We want to predict MSRP. Let's take it out from our dataframes, so we don't accidentally use it. We also need to apply the log transformation to it

In [None]:
y_train = np.log1p(df_train.msrp.values)
y_val = np.log1p(df_val.msrp.values)

del df_train['msrp']
del df_val['msrp']

### Baseline

First start with all numeric variables. This is how we can select numeric columns in pandas:

To make it easier to use, let's create a list with variable names:

In [None]:
base = ['engine_hp', 'engine_cylinders', 'highway_mpg', 'city_mpg']

In [None]:
df_train[base].head()

We already have $y$ - the target variable we want to predict. Now we need $X$ - the matrix with features. Let's create a function `prepare_X` that extract features from the dataframe and creates this matrix.

We previously checked that we have missing value in our data. For now we'll simple relace these values with zero, but later we'll look at other options.

In [None]:
df_num = df_train[base]
df_num = df_num.fillna(0)
df_num.values


In [None]:
def prepare_X(df):
    # 
    return X

In [None]:
X_train = prepare_X(df_train)

This is how the data looks like after preprocessing:

In [None]:
# let's take a look at X_train

In [None]:
X_train.shape

Now we have both $X$ and $y$, so let's train our model.
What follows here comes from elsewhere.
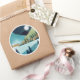 Uma bela paisagem com texturas únicas mostrando uma paisagem de lago de montanha com lua ascensão e céu estrelado em tons de azul, ouro, verde e turquesa.
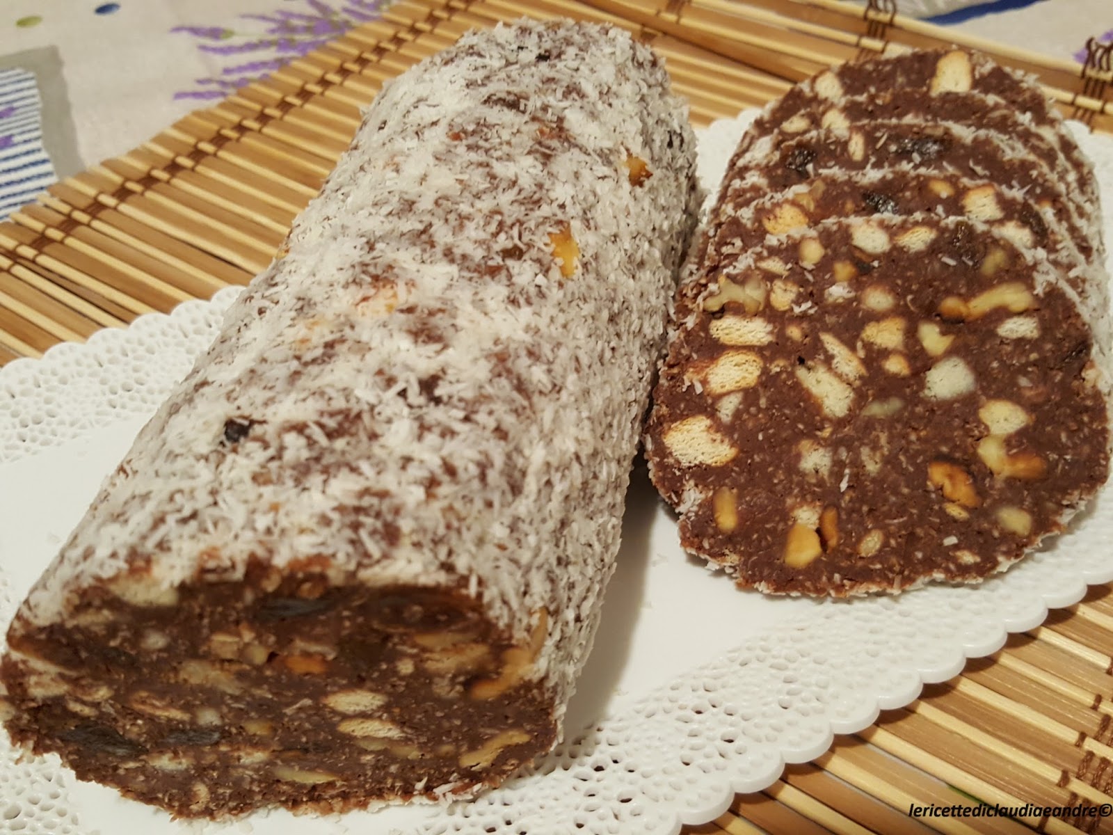 Salame al cioccolato con noci, uvetta e cocco, senza uova

We'll use `LinearRegression` from `sklearn.linear_model`

In [None]:
from sklearn.linear_model import LinearRegression

To train a model, we use the `fit` method:

In [None]:
# fit LinearRegression() on X_train, y_train

To predict, we use the `predict` method:

In [None]:
# predict for X_train

`y_pred` is an array with predictions for each row of the matrix `X_train`:

In [None]:
# look at y_pred

Let's compare the predictions with the predictions with the actual values:

In [None]:
plt.figure(figsize=(10, 6))

# distplot y_train, label='target'
# distplot y_pred, label='prediction'


plt.legend()
plt.show()

We see that the distributions have quite different shapes, so probably our model is not good. To quantify the predictive performance of our model, we use metrics.

For regression, we often use RMSE: Root Mean Squared Error.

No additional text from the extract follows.